### What is needed
Write out the entries below exactly, but only from the line containing "Hubo una sorpresa" through the line containing "Im Rahmen der", and without the pictures.

### Dataset entries
◇ ◇ ◇ ◇

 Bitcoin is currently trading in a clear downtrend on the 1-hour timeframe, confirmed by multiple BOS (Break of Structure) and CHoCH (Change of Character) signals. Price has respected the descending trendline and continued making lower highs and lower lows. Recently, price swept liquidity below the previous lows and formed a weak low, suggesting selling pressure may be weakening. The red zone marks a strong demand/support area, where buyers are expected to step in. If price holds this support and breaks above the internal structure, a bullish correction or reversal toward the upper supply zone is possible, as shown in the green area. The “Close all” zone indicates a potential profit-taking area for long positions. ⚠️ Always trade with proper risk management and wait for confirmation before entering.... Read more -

◇ ◇ ◇ ◇

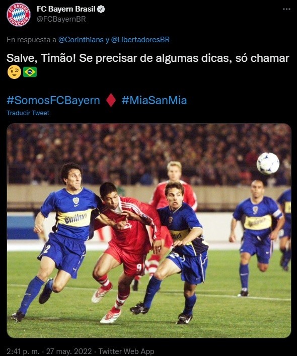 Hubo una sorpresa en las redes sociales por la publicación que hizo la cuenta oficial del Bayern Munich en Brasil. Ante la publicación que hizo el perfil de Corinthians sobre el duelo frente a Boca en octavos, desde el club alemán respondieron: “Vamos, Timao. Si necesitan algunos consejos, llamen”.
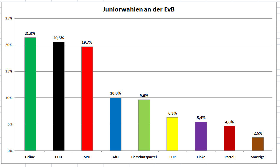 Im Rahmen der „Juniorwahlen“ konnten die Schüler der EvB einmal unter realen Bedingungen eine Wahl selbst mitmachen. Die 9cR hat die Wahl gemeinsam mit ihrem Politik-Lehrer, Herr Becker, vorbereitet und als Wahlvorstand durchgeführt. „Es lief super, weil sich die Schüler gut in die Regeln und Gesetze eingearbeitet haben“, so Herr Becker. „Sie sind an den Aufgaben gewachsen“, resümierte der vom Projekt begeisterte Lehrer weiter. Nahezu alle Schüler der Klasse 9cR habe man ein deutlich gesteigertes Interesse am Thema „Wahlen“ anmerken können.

◇ ◇ ◇ ◇

### Response to this exercise
 Hubo una sorpresa en las redes sociales por la publicación que hizo la cuenta oficial del Bayern Munich en Brasil. Ante la publicación que hizo el perfil de Corinthians sobre el duelo frente a Boca en octavos, desde el club alemán respondieron: “Vamos, Timao. Si necesitan algunos consejos, llamen”.
 Im Rahmen der „Juniorwahlen“ konnten die Schüler der EvB einmal unter realen Bedingungen eine Wahl selbst mitmachen. Die 9cR hat die Wahl gemeinsam mit ihrem Politik-Lehrer, Herr Becker, vorbereitet und als Wahlvorstand durchgeführt. „Es lief super, weil sich die Schüler gut in die Regeln und Gesetze eingearbeitet haben“, so Herr Becker. „Sie sind an den Aufgaben gewachsen“, resümierte der vom Projekt begeisterte Lehrer weiter. Nahezu alle Schüler der Klasse 9cR habe man ein deutlich gesteigertes Interesse am Thema „Wahlen“ anmerken können.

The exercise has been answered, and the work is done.